Doc Schplok dissappeared in the 1960s when he was embroiled in the supposed death by drowning of then Prime Minister Harold Holt. He left behind a legacy of mad science, a note reading 'chinese alien submarines stole out prime minister' and a perfected under-water unicycle. While Harold Holt had a swimming pool named after him, Doc Schplok is now largely forgotten by history. His lab was demolished and replaced with a roller skating rink, which was then replaced by a super-market car park. The last remaining Lightning Cannon is held by the War Memorial in Canberra, but does not work anymore due to having suffered a catestrophic de-compression in it's womble-chamber (a Doc Schplok term), leaving 36% of the cannon in a melted mess on the floor.

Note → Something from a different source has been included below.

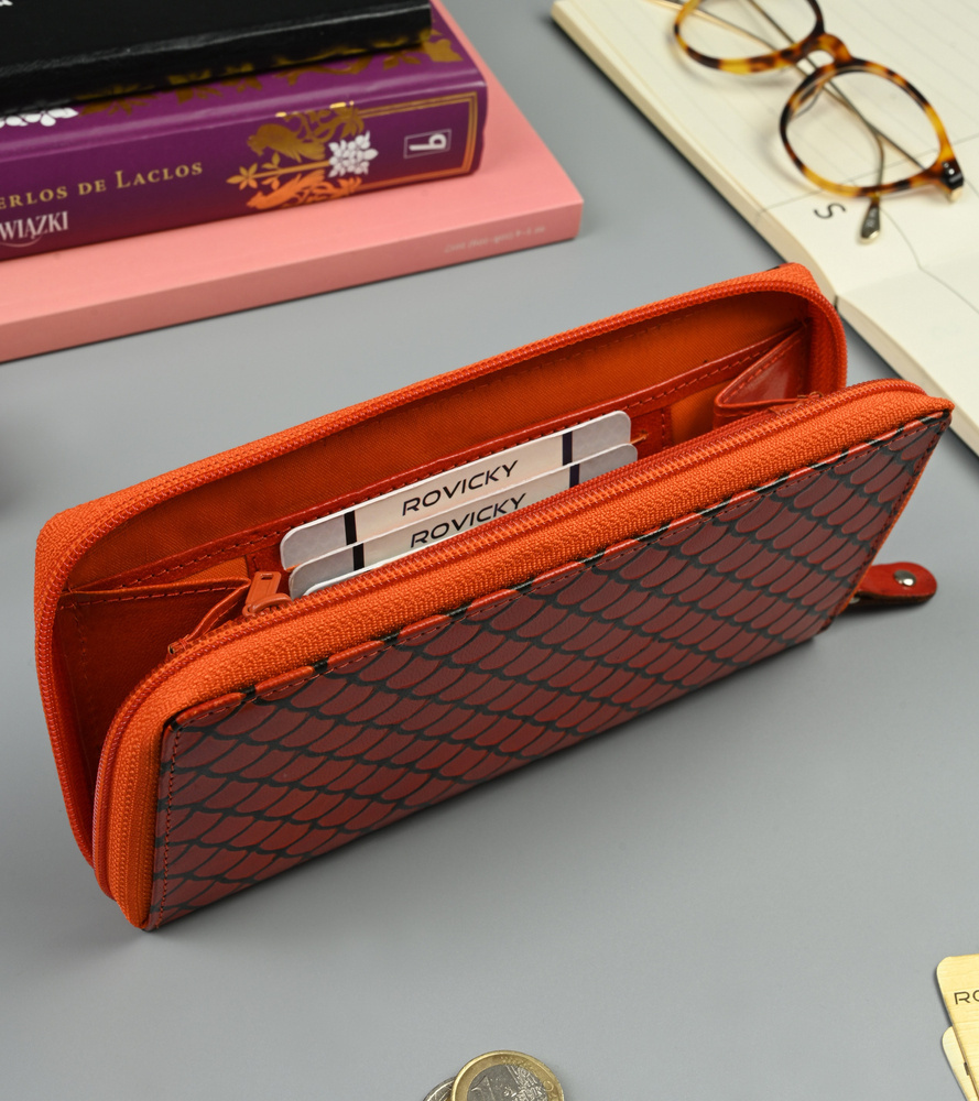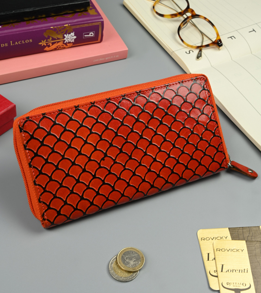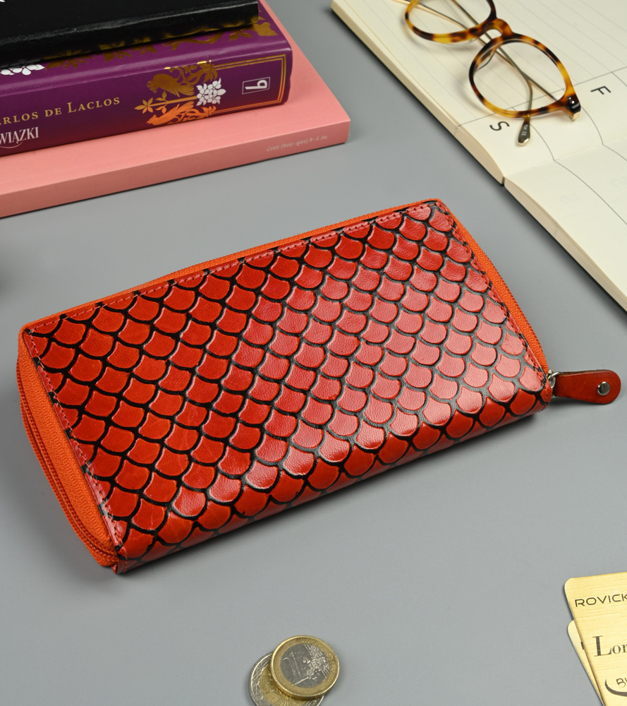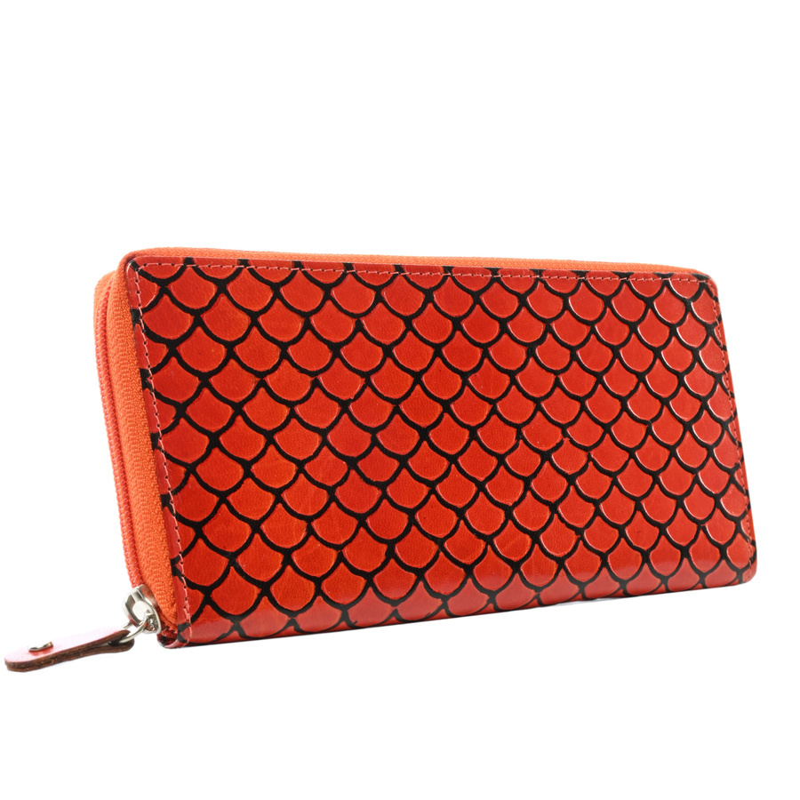 - najwyższa jakość wykonania – ten niecodzienny portfel jest wykonany z najwyższej jakości skóry naturalnej bydlęcej. Swoim wyglądem przyciąga uwagę wszystkich! Na jego powierzchni są tłoczenia, z których stworzono prawdziwe dzieło sztuki, w postaci przestrzennych łusek… 🙂
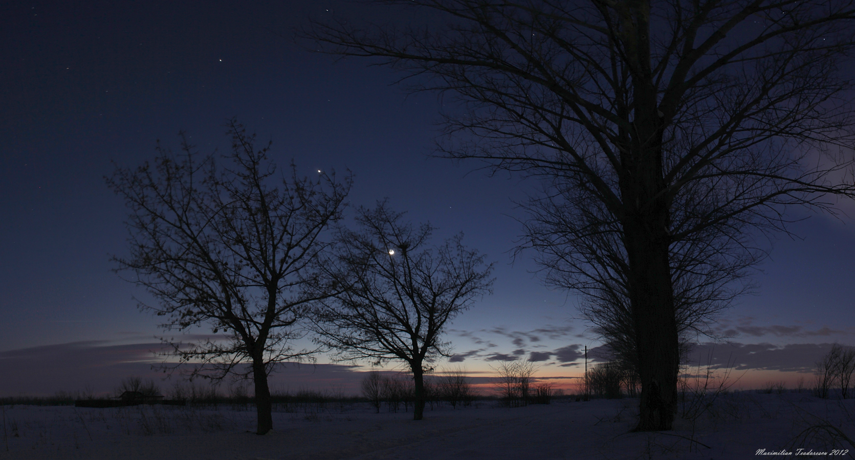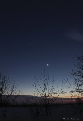 Zilele acestea (23-26 februarie) spre orizontul vestic, seara dupa apus, sunt observabile cele mai luminoase trei obiecte ceresti in afara de Soare. Si anume: Luna, Venus si Jupiter.

There are no good kits, bad kits or grail kits, just kitbash fodder.

Taiidantomcat

"Imagination is the one weapon in the war against reality." -Jules de Gaultier

"My model is right! It's the real world that's wrong!" -global warming scientist

An armor guy, who builds airplanes almost exclusively, that he converts to space fighters-- all while admiring ship models.

comrade harps

QuoteWhile Harold Holt had a swimming pool named after him
I've always loved the very idea (let alone the realty) of the Harold Holt memorial swimming pool:
http://www.stonnington.vic.gov.au/explore-stonnington/sport-and-recreation/harold-holt-swim-centre/

Nice armoured vehicle too.
Whatever.

rickshaw

The Harold Holt swimming pool is one of those nicely ironic touch which restores my faith in the Australian character.   :thumbsup:
How to reduce carbon emissions - Tip #1 - Walk to the Bar for drinks.

puddingwrestler

I learned to swim there. It's heritage listed, but only because it's so amazingly ugly. There is no other building like it because people realised how terrible they looked.
There are no good kits, bad kits or grail kits, just kitbash fodder.

Glenn

I want one!!! Do you think you could convert my Ford Longreach PanelVan into one.....pplleeeaaasssssseeeeeeeeeee!!!   Think what it would be like going through a round-about in one of those....CRUNCH!
Glenn

proditor

Kangaroo/Horse crossbreeds!  BRILLIANT!!  :lol:

Love the designs, love the back stories even more.  Awesome job again!